安烈看到阮舒雅指着那家店,打趣的說:“你确定現在去拍照?要知道再過不久我們就要拍婚紗照的,你确定現在再去折騰拍情侶照?”
阮舒雅一聽也是這麽回事,而且,在影棚裏擺拍也沒什麽意思還不如出去玩的時候兩個人多拍些生活照呢。
不過提到拍照,安烈倒是想起了一個地方,就開車往郊區開去。
車子開進了一個莊園,從外面看整個莊園沒有什麽特殊的地方,但是進了大門之後就能看到,沿途都是大片大片的花田。
阮舒雅從沒見過規模這麽大的花田,花田被分成很多塊,每塊都種着不一樣的花,什麽顔色的都有,裏面甚至還有一個超級大的池塘,看樣子是用來種荷花的。

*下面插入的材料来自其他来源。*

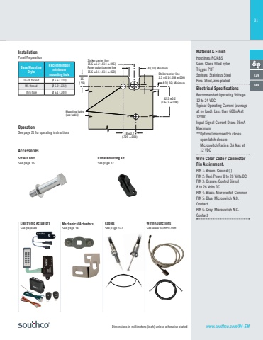31Dimensions in millimeters (inch) unless otherwise statedOperationSee page 21 for operating instructionsAccessoriesStriker BoltSee page 36Cable Mounting KitSee page 37Base Mounting StyleRecommendedminimummounting hole10-24 thread Ø 5.6 (.220)M5 thread Ø 5.9 (.232)Thru hole Ø 6.1 (.240)InstallationPanel PreparationMaterial & FinishHousings: PC/ABSCam: Glass-fi lled nylonTrigger: PBTSprings: Stainless SteelPins: Steel, zinc platedElectrical Specifi cationsRecommended Operating Voltage: 12 to 24 VDCTypical Operating Current (average at no load): Less than 600mA at 12VDCInput Signal Current Dra 25mA Maximum ** Optional microswitch closes upon latch closureMicroswitch Rating: 3A Max at 12 VDCWire Color Code / Connector Pin Assignment:PIN 1: Brown: Ground (-)PIN 2: Red: Power 8 to 26 Volts DCPIN 3: Orange: Control Signal 8 to 26 Volts DCPIN 4: Black: Microswitch CommonPIN 5: Blue: Microswitch N.O. ContactPIN 6: Grey: Microswitch N.C. Contact12V24V14 (.55) Minimum4.0 (.16) MinimumStriker center line2.5 ±0.1 (.098 ±.004)Striker center line15.6 ±1.2 (.614 ±.046)Panel cutout center line15.6 ±0.5 (.614 ±.020)42.5 ±0.2(1.673 ±.008)18 ±0.2 (.709 ±.008)15(.59)Mounting holes(see table)Mechanical ActuatorsSee page 34CablesSee page 322Wiring/JunctionsSee www.southco.comElectronic ActuatorsSee page 48www.southco.com/R4-EM

阮舒雅驚歎的看着周圍的一切,安烈看到她驚喜的樣子也十分開心。
“這是什麽地方啊,怎麽這麽多花,真是太漂亮了!我第一次見到這麽多的花。”阮舒雅已經高興的不知所以。
要不是安烈拽着她說不定現在已經沖進那篇花海之中了。
“這個莊園是專門種植花木的,前段時間我布置别墅的時候發現這裏的,不治理的花木也是從這裏弄過去。而且我還跟他們簽了長期的供貨協議,以後他們會每個季度去别墅一次更換花木,每周也會有一次到兩次的花卉維護,保證别墅所有都健康成活。”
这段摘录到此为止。